As usual, Alistair, you nailed it, and long before the media began to circle.
Respectfully I’d be careful about making a number of these assumptions, both on the legal issues at hand and the technologies.
First - it is far from clear that domestic collection writ large is the actual purpose of the program, nor that all the information collected is actually reviewed. You can’t utilize information that no longer exists, but that does not mean what is collected will inherently be used
Second - from a technology perspective Accumulo is just one of a wide range of technologies here at work here. While I cannot share information beyond what has already been made public, what was open sourced is a not the same stack as is in use.

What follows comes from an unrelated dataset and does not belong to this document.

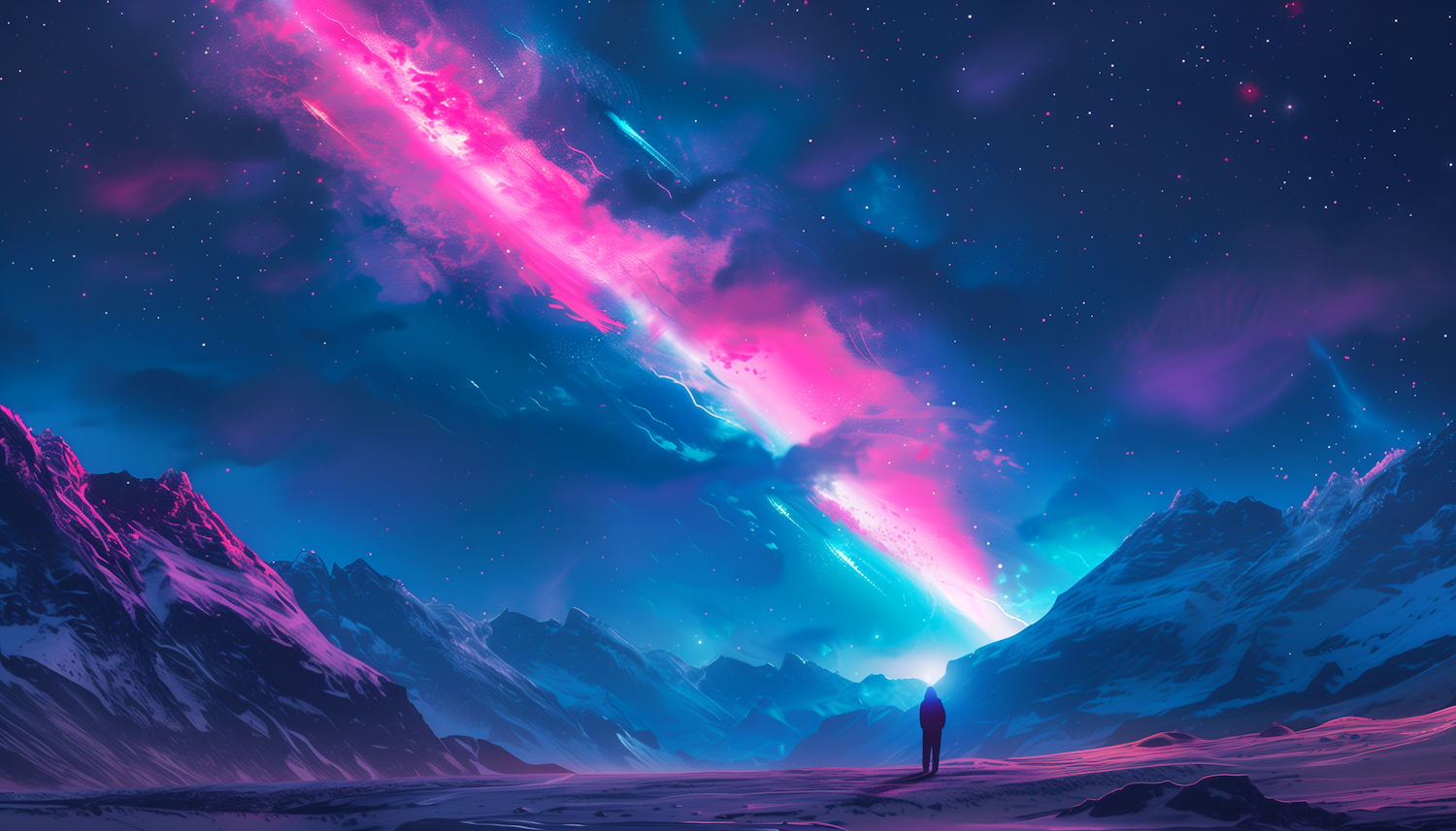 A lone figure stands under a vibrant aurora in a snowy mountain landscape, creating a surreal and magical atmosphere.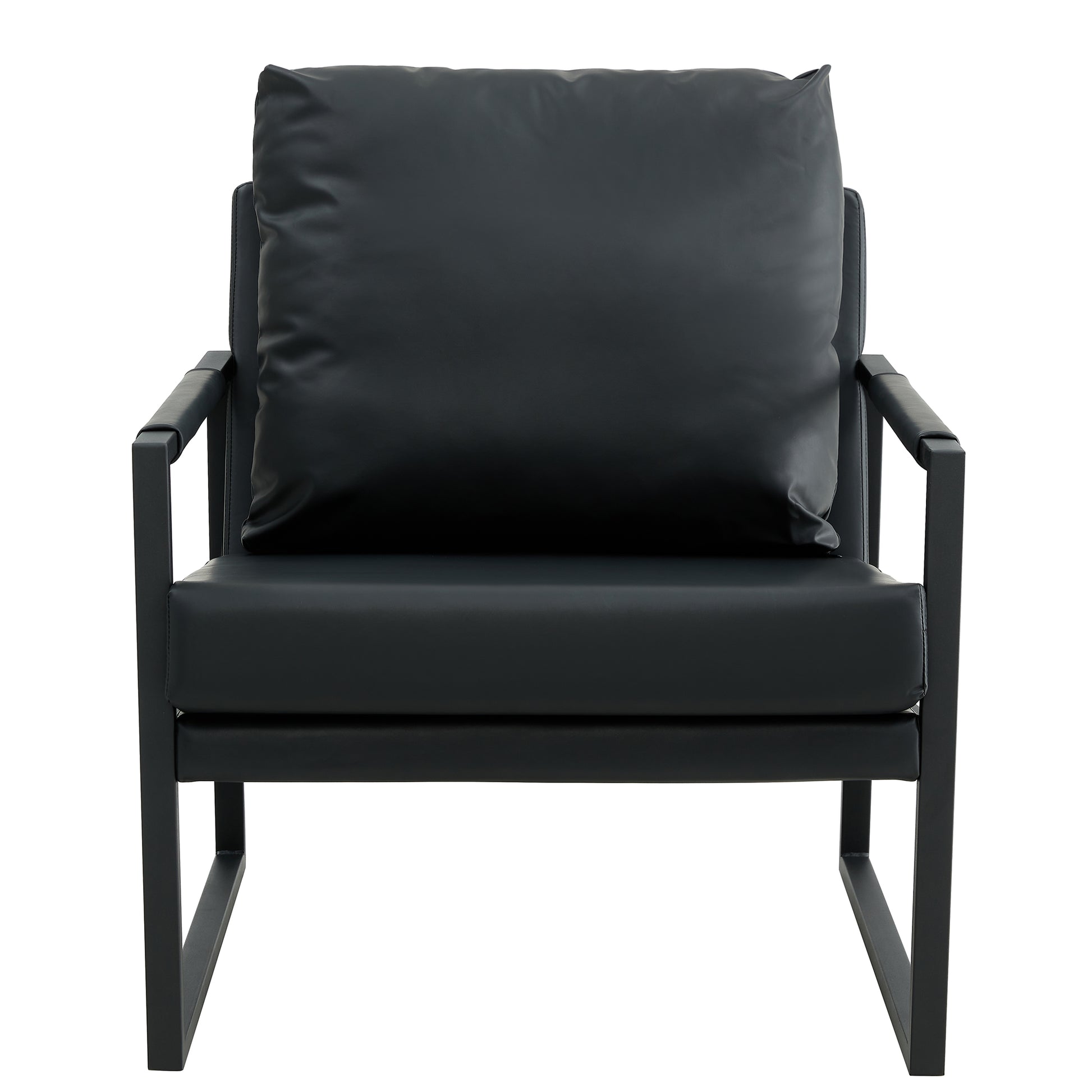 PU Leather Heavily Padded Backrest and Seat Cushion Accent Chair - Black

It’s been interesting to observe the evolution of commentary on the houha about the NSA and government analysis of electronic Big Data traffic: (1) Democratic politicians: I’m shocked, positively shocked, that the government is eavesdropping on private conversations, (2) President Obama: There’s a tradeoff here between security and privacy — it’s not so easy to draw the line, (3) Metadata is legal; it’s different than eavesdropping on actual conversations, (4) We should be concerned even about metadata being analyzed. For me, I net it out this way: the world is moving to transparency. If you have something to hide, be worried. If not, this is good.
Brad, I’m in your camp. With pressure cooker bombers likely to be more common, the public will welcome ways to track down those most likely. The reaction after Boston was all of the proof we needed on that topic.
Jeanne wrote a blog on Sunday that covers the other half of this argument…what to do about it. With a surveillance society becoming a reality, the key is to create the oversight necessary to keep us safe.
Thanks for your comment.
I want to get a job monitoring data. That way your tax dollars can pay me to watch cat videos all day.
It’s interesting how the powers that are - want your data - yet they won’t share their data back in an open transparent way. It doesn’t matter what political party is in power here; they both play the same game with the same endpoint in mind.